I have tried training on each half of the dataset individually and it works. But when I try to create a loop that trains on half, deletes that half, then trains on the other half, it crashes. Keep in mind, it's not the GPU RAM, it's the system RAM I'm running out of.
here is the loop:
for i in range(20):
if i % 2 == 0:
X_train = np.load('/content/drive/My Drive/Kaggle ISLR/X_train_batch1.npy')
y_train = np.load('/content/drive/My Drive/Kaggle ISLR/y_train_batch1.npy')
X_train, X_val, y_train, y_val = train_test_split(X_train, y_train, test_size=0.2, random_state=42)
train_gen = MyDataGenerator(X_train, y_train, batch_size, first_dim)
val_gen = MyDataGenerator(X_val, y_val, batch_size, first_dim)
del X_train
del y_train
model.fit(
train_gen,
validation_data=val_gen,
epochs=2,
callbacks=[checkpoint_callback]
)
del train_gen
del val_gen
else:
X_train = np.load('/content/drive/My Drive/Kaggle ISLR/X_train_batch2.npy')
y_train = np.load('/content/drive/My Drive/Kaggle ISLR/y_train_batch2.npy')

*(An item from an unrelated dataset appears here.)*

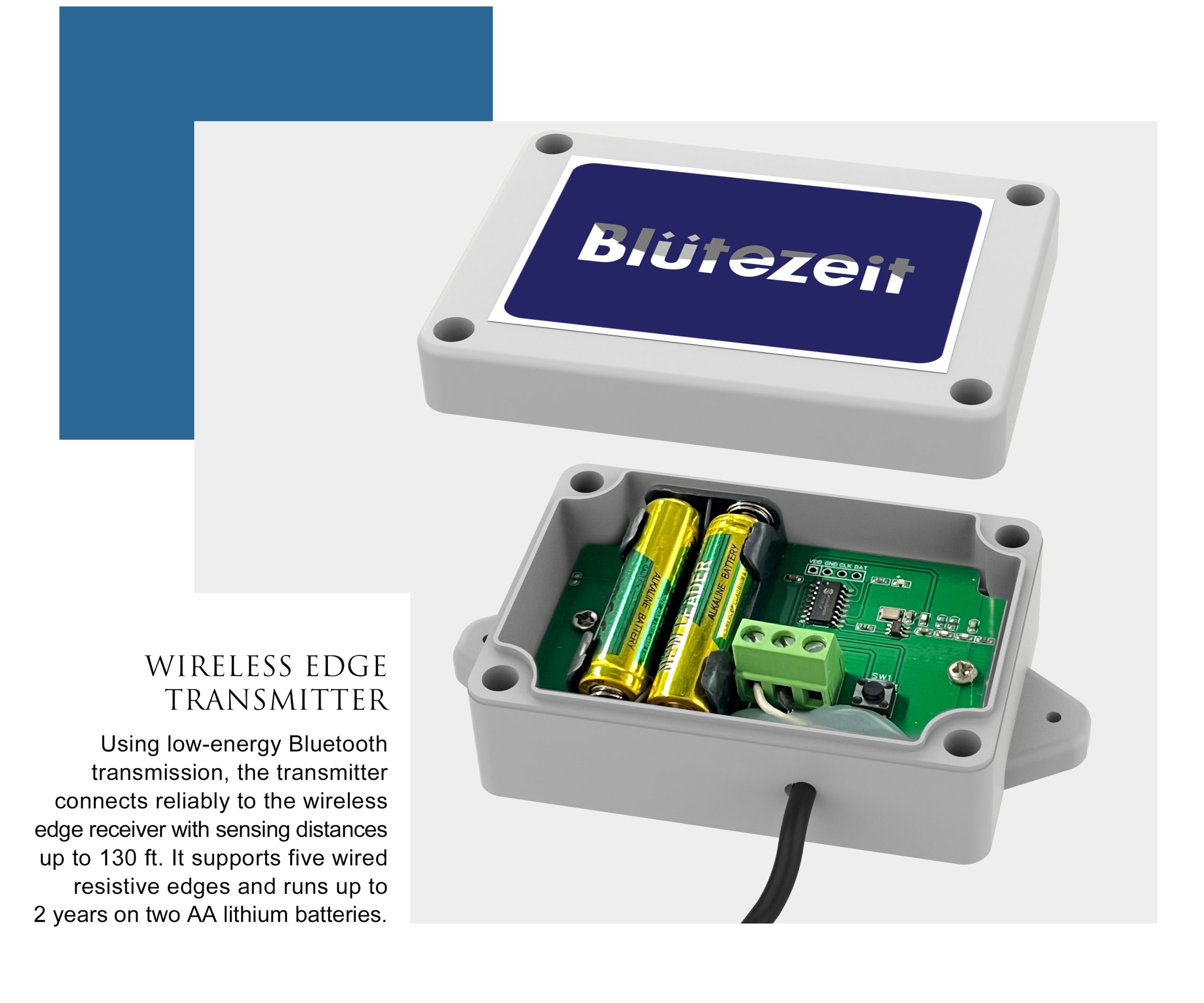 Wireless Transmitter & Receiver – The transmitter connects directly to the safety edge while the receiver mounts on the control box, providing reliable wireless communication and simplifying installation for sliding, swing gates and garage doors.

X_train, X_val, y_train, y_val = train_test_split(X_train, y_train, test_size=0.2, random_state=42)
train_gen = MyDataGenerator(X_train, y_train, batch_size, first_dim)
val_gen = MyDataGenerator(X_val, y_val, batch_size, first_dim)
del X_train
del y_train
model.fit(
train_gen,
validation_data=val_gen,
epochs=2,
callbacks=[checkpoint_callback]
)
del train_gen
del val_gen
Is there a better way to do this to prevent running out of RAM?